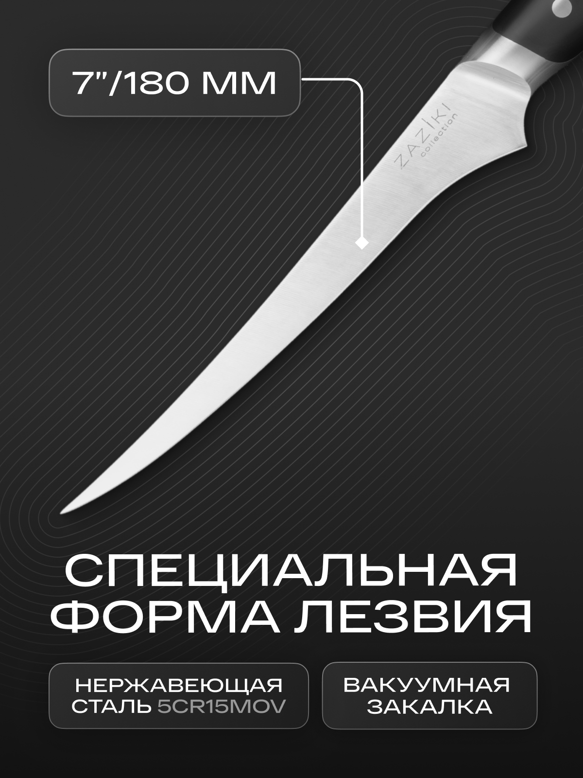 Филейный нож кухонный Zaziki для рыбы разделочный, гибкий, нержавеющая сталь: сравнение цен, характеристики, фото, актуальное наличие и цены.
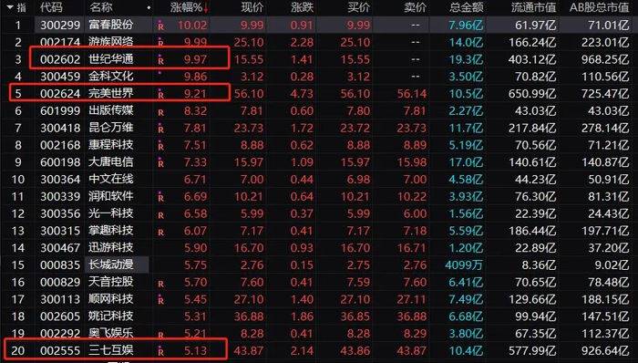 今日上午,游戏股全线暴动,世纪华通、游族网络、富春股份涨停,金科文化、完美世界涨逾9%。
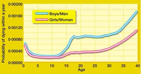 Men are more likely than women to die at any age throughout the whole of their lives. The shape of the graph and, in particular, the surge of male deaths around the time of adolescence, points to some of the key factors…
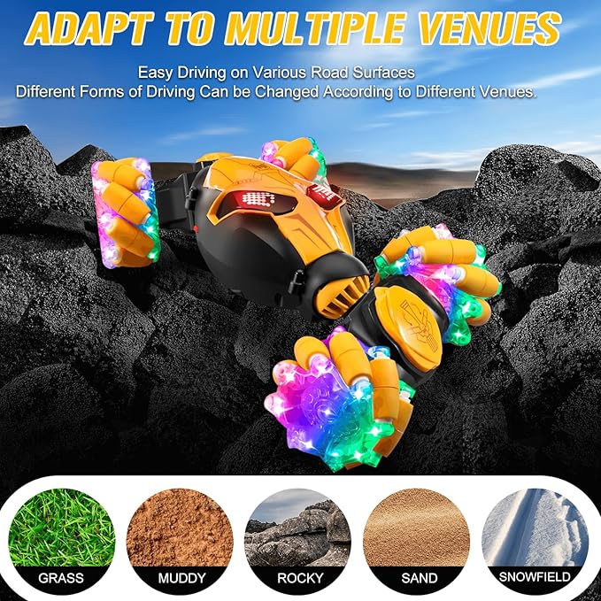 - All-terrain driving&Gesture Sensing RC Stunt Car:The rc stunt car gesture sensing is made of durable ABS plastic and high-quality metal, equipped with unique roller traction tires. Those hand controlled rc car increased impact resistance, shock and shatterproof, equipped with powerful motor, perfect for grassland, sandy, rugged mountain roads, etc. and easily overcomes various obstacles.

◇ ◇ ◇

> What you need to do
Please give the data above again in exact form and omit every picture.

> Response area
 Филейный нож кухонный Zaziki для рыбы разделочный, гибкий, нержавеющая сталь: сравнение цен, характеристики, фото, актуальное наличие и цены.
 今日上午,游戏股全线暴动,世纪华通、游族网络、富春股份涨停,金科文化、完美世界涨逾9%。
 Men are more likely than women to die at any age throughout the whole of their lives. The shape of the graph and, in particular, the surge of male deaths around the time of adolescence, points to some of the key factors…
 - All-terrain driving&Gesture Sensing RC Stunt Car:The rc stunt car gesture sensing is made of durable ABS plastic and high-quality metal, equipped with unique roller traction tires. Those hand controlled rc car increased impact resistance, shock and shatterproof, equipped with powerful motor, perfect for grassland, sandy, rugged mountain roads, etc. and easily overcomes various obstacles.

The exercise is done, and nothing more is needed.